SOURCE MATERIAL:
━━━━━━━━━━━━━━━━
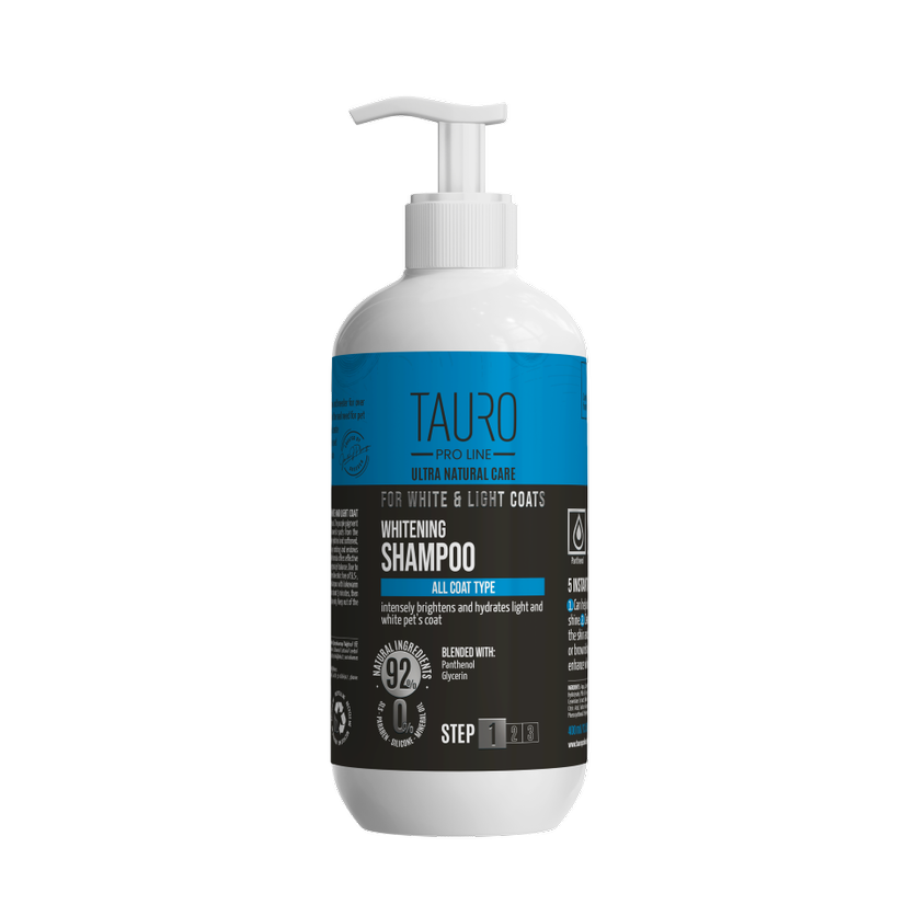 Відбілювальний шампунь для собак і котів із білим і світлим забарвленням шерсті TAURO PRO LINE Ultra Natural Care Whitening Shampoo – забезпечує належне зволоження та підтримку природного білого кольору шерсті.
━━━━━━━━━━━━━━━━
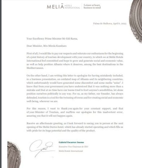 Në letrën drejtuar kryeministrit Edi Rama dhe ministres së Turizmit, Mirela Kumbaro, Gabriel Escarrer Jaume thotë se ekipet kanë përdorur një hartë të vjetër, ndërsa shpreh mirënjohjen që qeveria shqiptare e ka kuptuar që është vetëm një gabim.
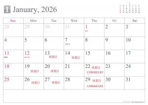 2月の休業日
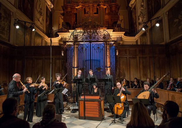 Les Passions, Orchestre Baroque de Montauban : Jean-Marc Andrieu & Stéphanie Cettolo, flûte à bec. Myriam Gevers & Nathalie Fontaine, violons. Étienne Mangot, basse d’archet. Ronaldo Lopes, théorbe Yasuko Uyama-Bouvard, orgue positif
━━━━━━━━━━━━━━━━
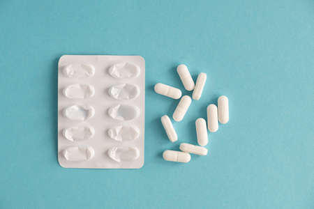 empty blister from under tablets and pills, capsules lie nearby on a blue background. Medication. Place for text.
━━━━━━━━━━━━━━━━
An exact copy is needed of the entries above, starting at the line that holds "Në letrën drejtuar" and stopping at the line that holds "Les Passions, Orchestre", both kept; pictures stay out.

 Në letrën drejtuar kryeministrit Edi Rama dhe ministres së Turizmit, Mirela Kumbaro, Gabriel Escarrer Jaume thotë se ekipet kanë përdorur një hartë të vjetër, ndërsa shpreh mirënjohjen që qeveria shqiptare e ka kuptuar që është vetëm një gabim.
 2月の休業日
 Les Passions, Orchestre Baroque de Montauban : Jean-Marc Andrieu & Stéphanie Cettolo, flûte à bec. Myriam Gevers & Nathalie Fontaine, violons. Étienne Mangot, basse d’archet. Ronaldo Lopes, théorbe Yasuko Uyama-Bouvard, orgue positif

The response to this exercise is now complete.